Records for this task Start Marker
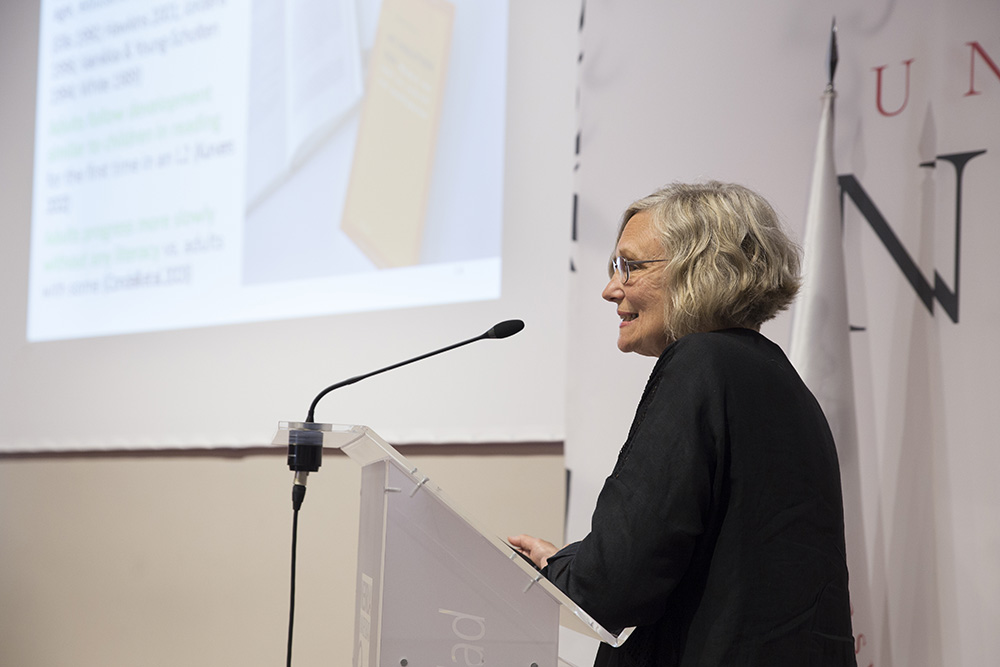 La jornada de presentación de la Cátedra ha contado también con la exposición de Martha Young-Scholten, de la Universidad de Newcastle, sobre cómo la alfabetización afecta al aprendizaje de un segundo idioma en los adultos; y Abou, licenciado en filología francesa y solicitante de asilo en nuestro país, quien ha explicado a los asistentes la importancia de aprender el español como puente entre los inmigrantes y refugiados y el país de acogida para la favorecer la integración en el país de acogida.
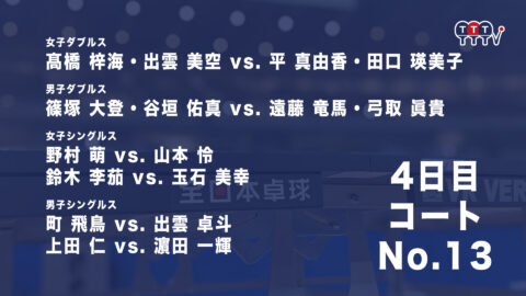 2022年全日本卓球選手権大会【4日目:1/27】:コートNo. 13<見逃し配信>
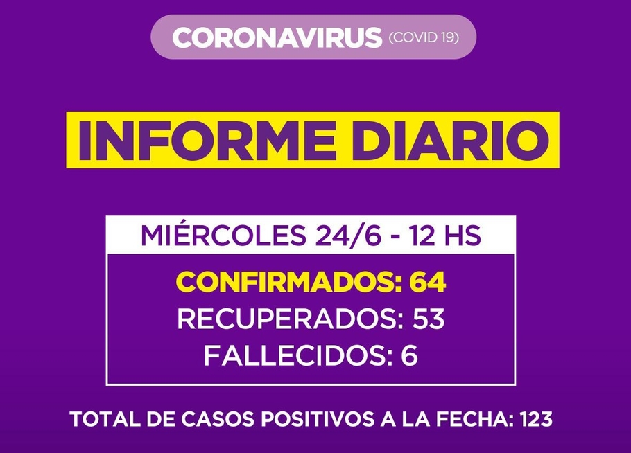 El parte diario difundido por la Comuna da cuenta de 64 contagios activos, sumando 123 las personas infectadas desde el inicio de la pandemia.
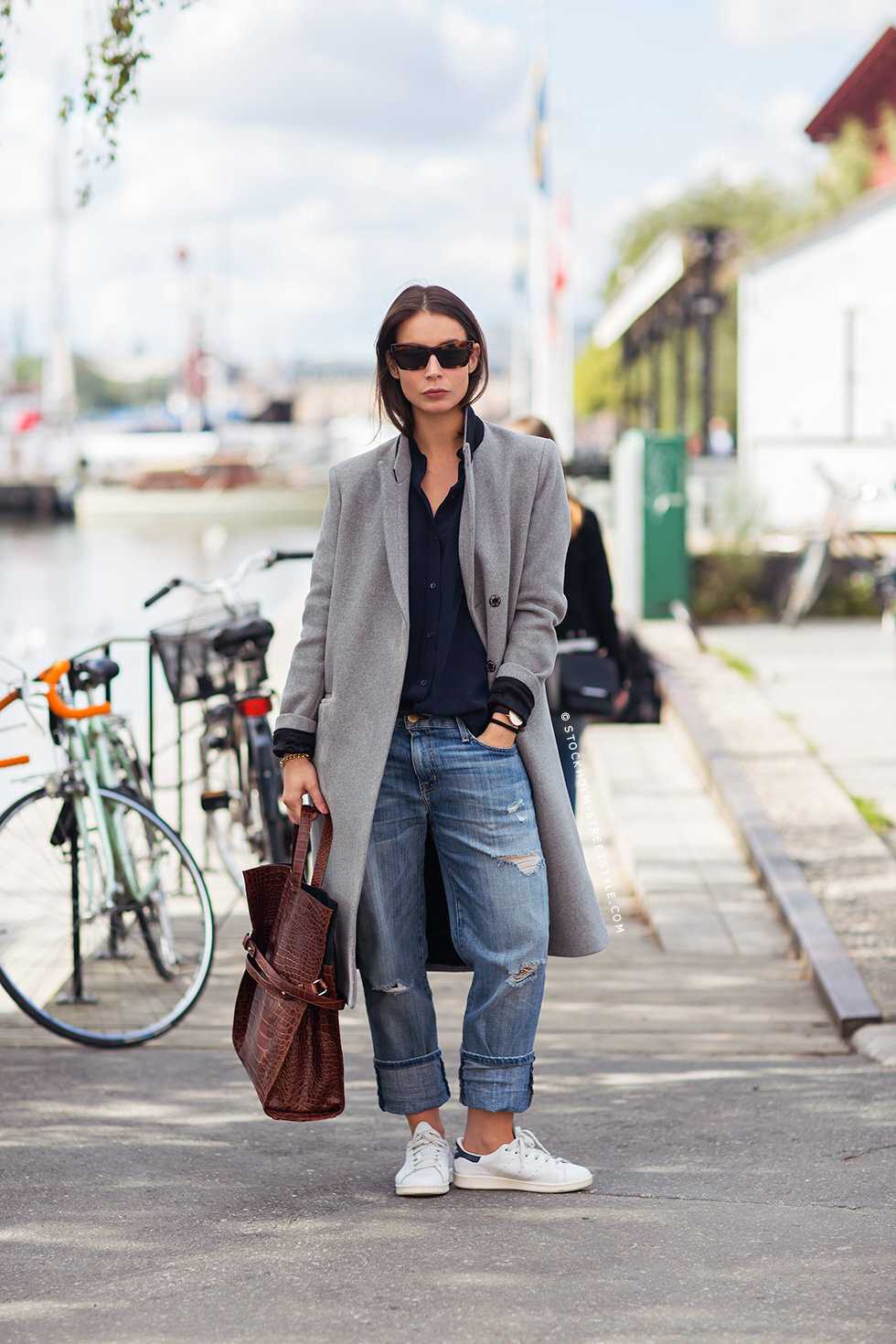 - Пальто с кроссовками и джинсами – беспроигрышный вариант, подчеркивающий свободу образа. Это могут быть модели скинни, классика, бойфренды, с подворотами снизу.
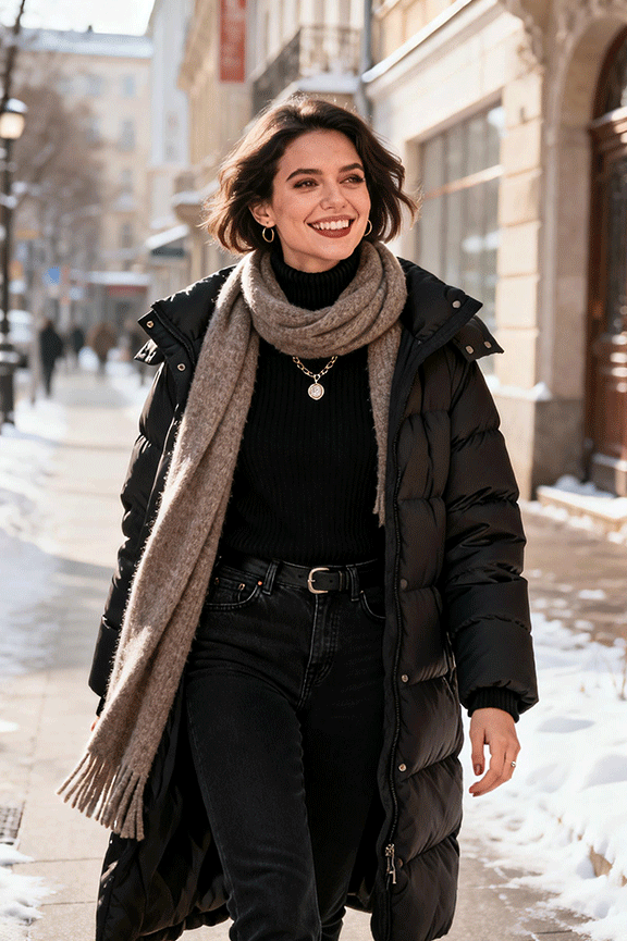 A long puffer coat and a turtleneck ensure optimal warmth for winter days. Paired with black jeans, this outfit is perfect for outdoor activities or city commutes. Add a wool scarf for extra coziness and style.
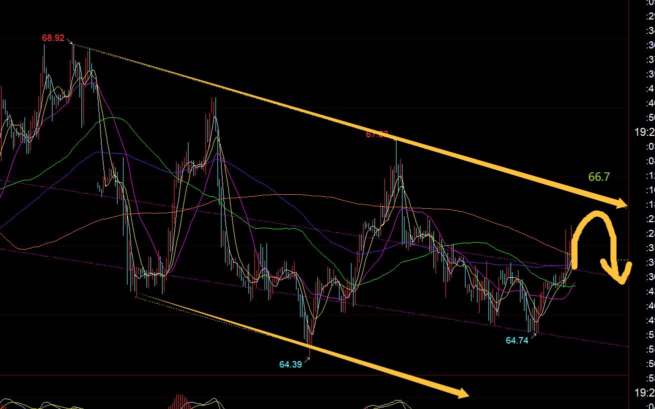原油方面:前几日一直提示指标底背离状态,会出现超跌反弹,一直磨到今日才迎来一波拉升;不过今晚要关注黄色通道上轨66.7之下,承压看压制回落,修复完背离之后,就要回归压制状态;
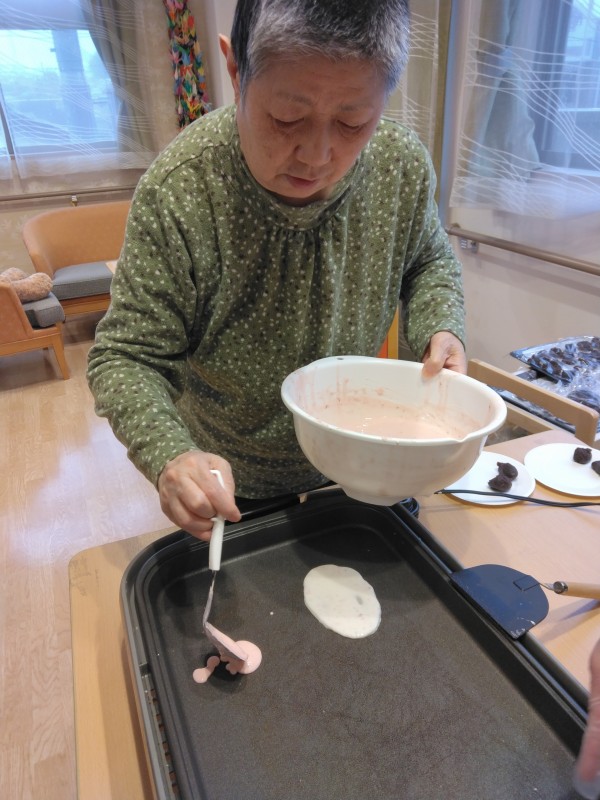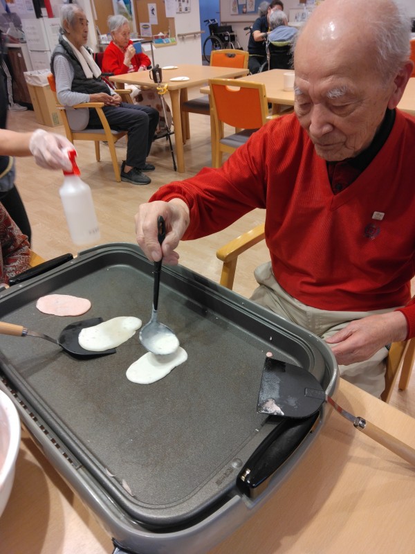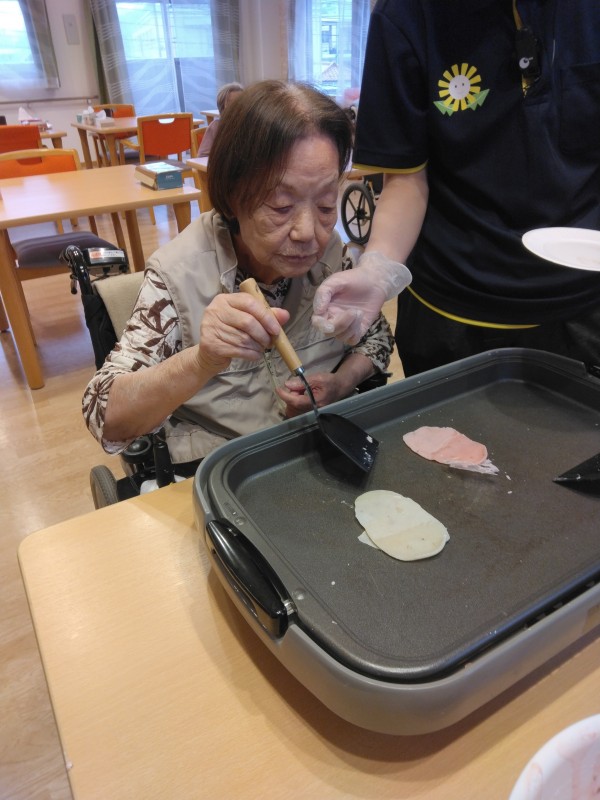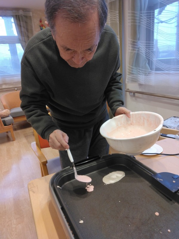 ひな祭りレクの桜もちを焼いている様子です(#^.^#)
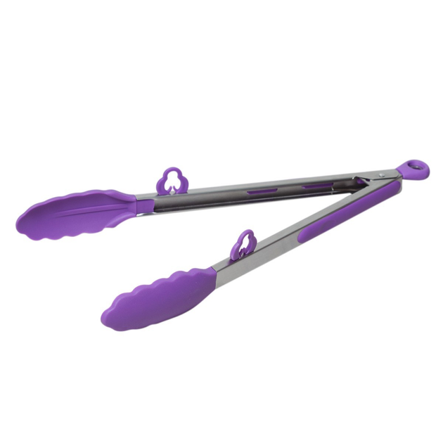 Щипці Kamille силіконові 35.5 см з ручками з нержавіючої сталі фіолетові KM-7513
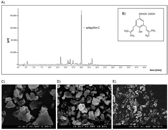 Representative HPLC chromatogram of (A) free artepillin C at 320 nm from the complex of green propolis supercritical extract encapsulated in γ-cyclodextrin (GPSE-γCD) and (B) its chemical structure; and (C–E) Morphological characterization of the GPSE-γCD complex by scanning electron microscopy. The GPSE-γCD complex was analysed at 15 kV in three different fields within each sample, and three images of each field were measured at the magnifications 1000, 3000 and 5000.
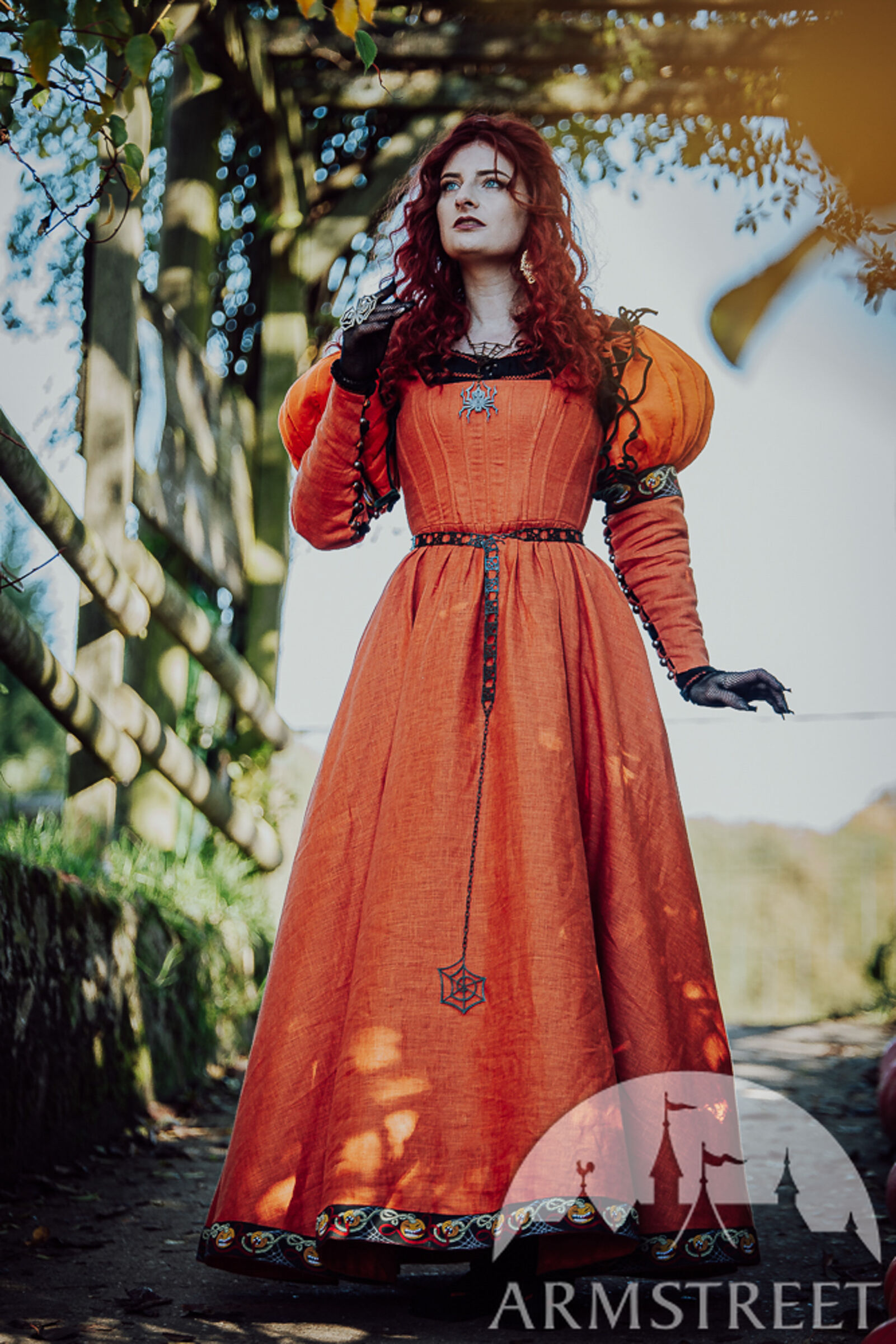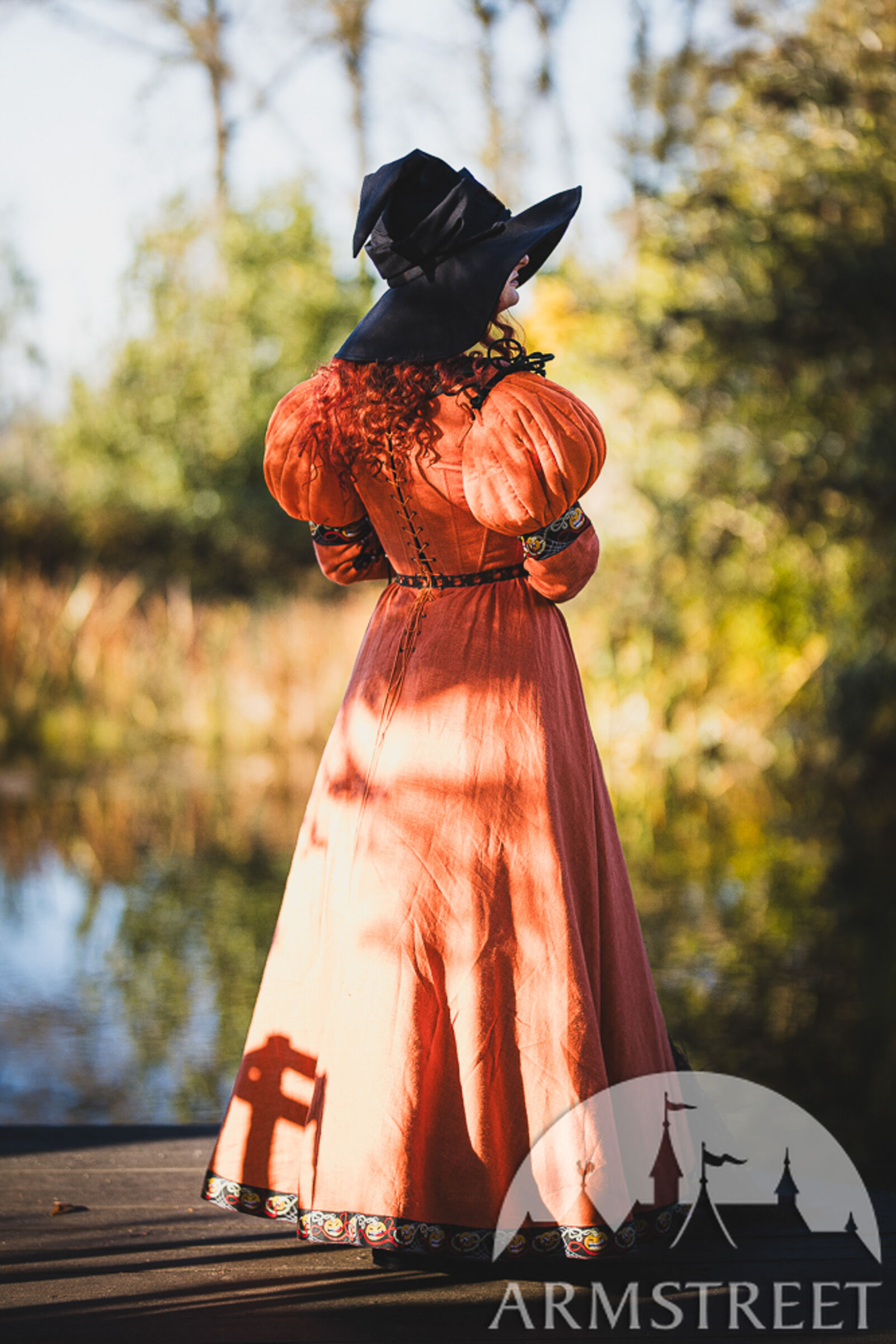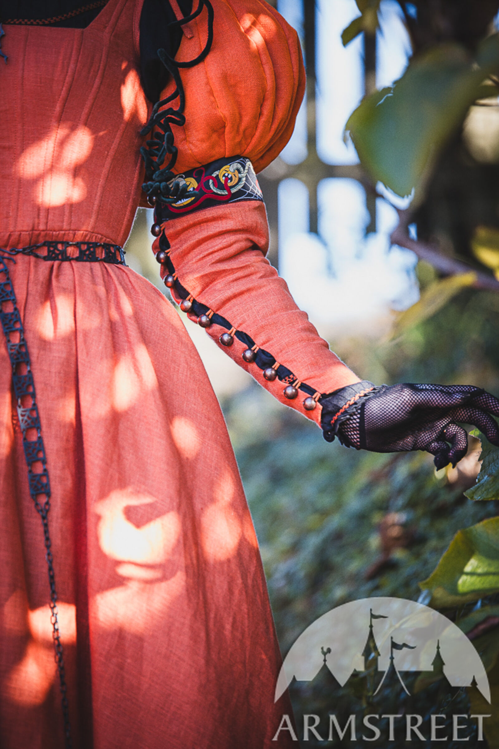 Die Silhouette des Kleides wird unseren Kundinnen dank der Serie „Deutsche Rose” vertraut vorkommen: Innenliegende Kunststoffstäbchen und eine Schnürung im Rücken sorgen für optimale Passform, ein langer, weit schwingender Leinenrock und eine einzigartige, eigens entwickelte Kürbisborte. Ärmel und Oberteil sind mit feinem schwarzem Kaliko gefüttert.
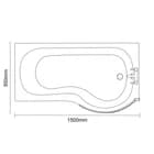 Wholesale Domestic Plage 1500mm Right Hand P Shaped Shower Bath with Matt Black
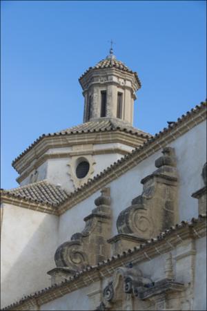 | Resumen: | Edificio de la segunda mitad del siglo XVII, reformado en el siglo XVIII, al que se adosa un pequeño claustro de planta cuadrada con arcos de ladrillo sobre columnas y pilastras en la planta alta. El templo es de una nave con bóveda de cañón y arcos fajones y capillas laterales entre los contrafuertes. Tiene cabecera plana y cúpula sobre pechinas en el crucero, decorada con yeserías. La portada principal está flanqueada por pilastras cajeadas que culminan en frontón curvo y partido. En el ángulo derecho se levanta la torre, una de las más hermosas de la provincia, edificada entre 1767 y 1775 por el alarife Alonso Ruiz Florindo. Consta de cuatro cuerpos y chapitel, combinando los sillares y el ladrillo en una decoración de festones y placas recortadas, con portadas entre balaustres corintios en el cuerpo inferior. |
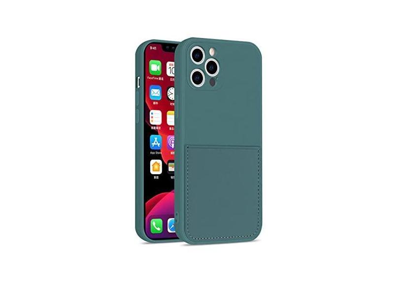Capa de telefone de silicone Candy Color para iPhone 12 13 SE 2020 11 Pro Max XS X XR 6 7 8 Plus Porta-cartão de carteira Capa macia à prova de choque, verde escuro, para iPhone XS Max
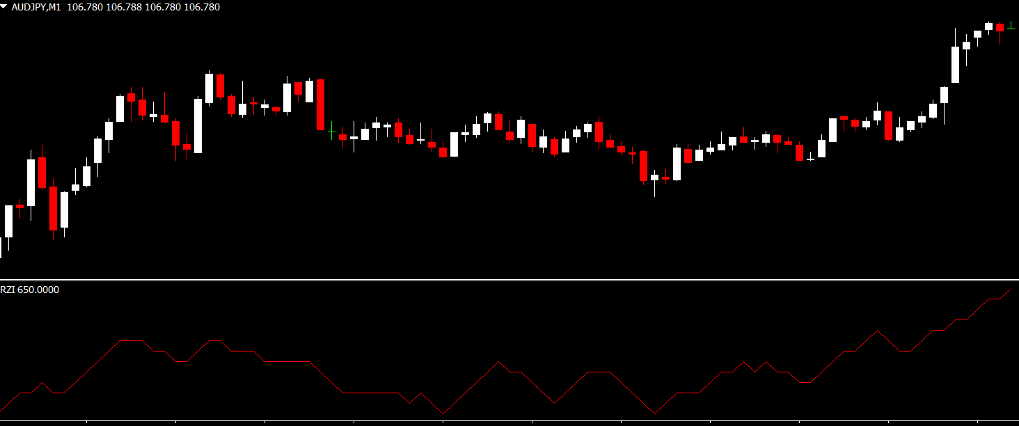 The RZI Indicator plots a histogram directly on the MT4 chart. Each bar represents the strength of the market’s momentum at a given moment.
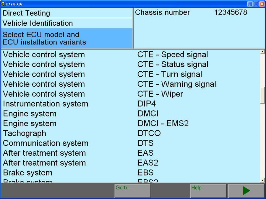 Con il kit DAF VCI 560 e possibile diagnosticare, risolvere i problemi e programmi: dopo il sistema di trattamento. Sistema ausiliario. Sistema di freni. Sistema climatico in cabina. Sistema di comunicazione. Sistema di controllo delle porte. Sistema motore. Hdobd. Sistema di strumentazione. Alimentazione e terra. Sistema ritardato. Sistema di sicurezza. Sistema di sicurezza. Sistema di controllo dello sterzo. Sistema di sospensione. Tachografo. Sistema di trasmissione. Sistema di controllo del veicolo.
Records for this task End Marker
Task objective - Look above for the line with "Wholesale Domestic Plage" and the line with "cuerpo inferior. |", then restate exactly those two lines and all lines between them, with no pictures.

Exercise answer -
 Wholesale Domestic Plage 1500mm Right Hand P Shaped Shower Bath with Matt Black
 | Resumen: | Edificio de la segunda mitad del siglo XVII, reformado en el siglo XVIII, al que se adosa un pequeño claustro de planta cuadrada con arcos de ladrillo sobre columnas y pilastras en la planta alta. El templo es de una nave con bóveda de cañón y arcos fajones y capillas laterales entre los contrafuertes. Tiene cabecera plana y cúpula sobre pechinas en el crucero, decorada con yeserías. La portada principal está flanqueada por pilastras cajeadas que culminan en frontón curvo y partido. En el ángulo derecho se levanta la torre, una de las más hermosas de la provincia, edificada entre 1767 y 1775 por el alarife Alonso Ruiz Florindo. Consta de cuatro cuerpos y chapitel, combinando los sillares y el ladrillo en una decoración de festones y placas recortadas, con portadas entre balaustres corintios en el cuerpo inferior. |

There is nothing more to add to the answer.